Alex Shevlakov wrote:

> Internationalising libgis would require that every module which linked
> against libgis (i.e. every module) depended upon dgettext(). Rather
> than adding $(INTLLIB) to every Gmakefile, the obvious solution is to
> simply change src/CMD/generic/make.mid to use:
>
> GISLIB = -lgis $(INTLLIB)

This should work fine. Without NLS option, I don't see how this could
affect anything. If variable $(INTLLIB) was empty and someone requested
NLS support, it would be impossible to compile if dgettext was not in glibc,
but that's it. Vice versa, $(INTLLIB) non-empty and no NLS support enabled,
it would not affect anything as there wouldn't be calls to the library.

Um, not quite. Note that INTLLIB is defined regardless of whether NLS
support is enabled. If it gets set to the wrong value, the above could
break everything. At present, $(INTLLIB) is only used in Gmakefiles
for individual programs (primarily *.pg), so it's much less of a risk.

> This is simple enough, and I'm 99.9% sure that it's safe. However,
> it's that last 0.1% that concerned me. If there turned out to be a
> problem, it would have broken *everything*. Most users can get by
> without the *.pg programs; they can't get by without libgis. Ditto for
> the GRASS startup and, to a lesser extent, tcltkgrass.

I have only to point out again that the question is not whether some modules
or libraries must be considered as something one can just get by without.
Instead, the whole of i18n changes can be 'got by without' not giving
'-with-nls' option.
If this option was proved to be dangerous, we warn you to be prepared,
nevertheless we leave it for ones who need it, including gettext in
libraries, start up and tcltkgrass.

Just to make absolutely sure that I'm not misunderstood: I wasn't in
the least bit concerned about what might happen to people who used
--with-nls.
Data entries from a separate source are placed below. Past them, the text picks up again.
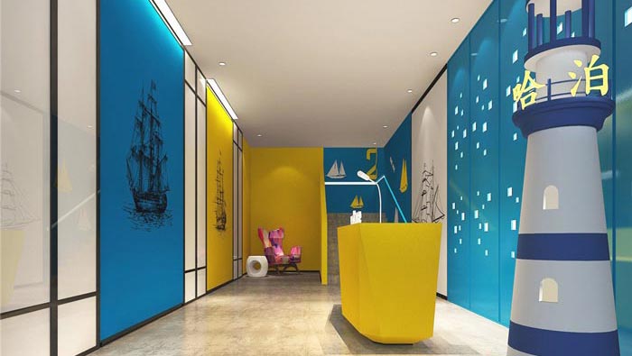 本次為港灣主題酒店裝修設計項目,設計面積在1500平方,設計師在與客戶的交流中,了解到客戶希望給大家營造一個避風、避浪、安全停泊的場所,這是客戶游歷海洋之后突發的靈感,因為對于很多人來說,海洋是一個未知的區域,讓人充滿了好奇、神秘,客戶就是希望將其搬上陸地,讓更多的人可以感受到。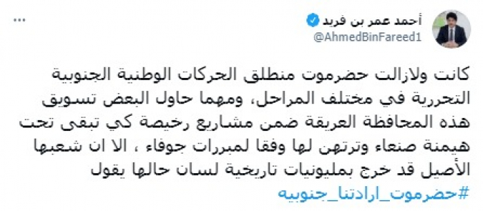 وقال في تغريدة على حسابه بموقع التدوين المصغر تويتر، اليوم إنه: "كانت ولا زالت حضرموت منطلق الحركات الوطنية الجنوبية التحررية في مختلف المراحل".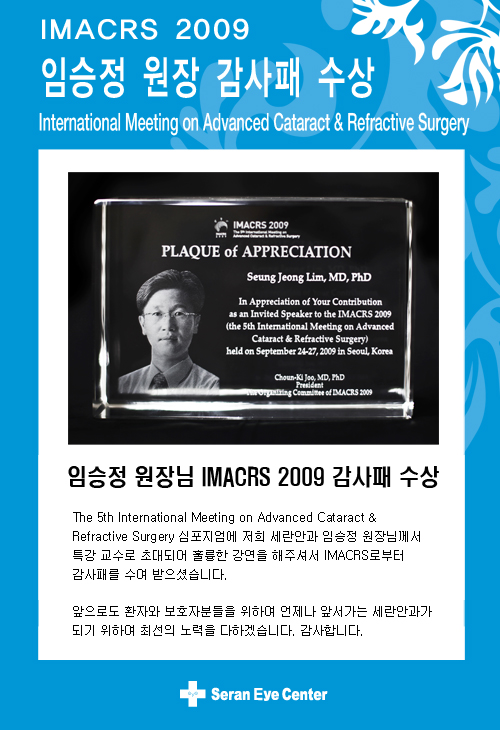 임승정원장님 IMACRS 2009 감사패 수상 - 병원소식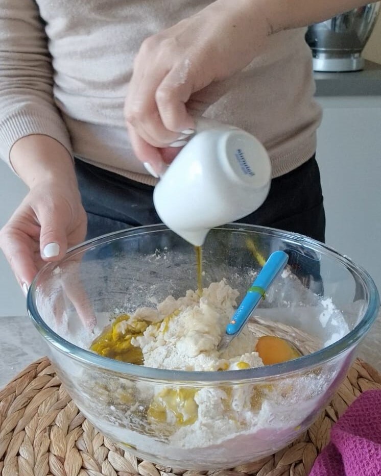 • Voeg vervolgens het water, de melk beetje bij beetje toe, daarna ook de olie en het zout.

If people use that flag, and it breaks stuff, then they
just have to start again without it. My concern is that it *might*
have caused problems even without --with-nls being used.

Every change, however small, *might* break something. If you're going
to make changes (even seemingly trivial ones) to almost every file in
libgis, do it several months before release, so that there's a
reasonable chance that even the infrequent Mac/Cygwin/Solaris/Irix
testers will get around to testing it.

Having said all that, my position remains that I would ideally like to
see 5.0.1 released Real Soon Now with just the bug fixes, and 5.0.2
with the I18N soon after. However, if Bernhard insists on another
delay of several months between 5.0.1 and 5.0.2, then the I18N should
probably just go straight into 5.0.1.

--
Glynn Clements <glynn.clements@virgin.net>

On Fri, Nov 15, 2002 at 10:52:10AM +0000, Glynn Clements wrote:
[...]

Every change, however small, *might* break something. If you're going
to make changes (even seemingly trivial ones) to almost every file in
libgis, do it several months before release, so that there's a
reasonable chance that even the infrequent Mac/Cygwin/Solaris/Irix
testers will get around to testing it.

Having said all that, my position remains that I would ideally like to
see 5.0.1 released Real Soon Now with just the bug fixes, and 5.0.2
with the I18N soon after. However, if Bernhard insists on another
delay of several months between 5.0.1 and 5.0.2, then the I18N should
probably just go straight into 5.0.1.

From my point of view there are no reasons *not* to release 5.0.1
next week. We have accumulated some bugfixes, so let's release.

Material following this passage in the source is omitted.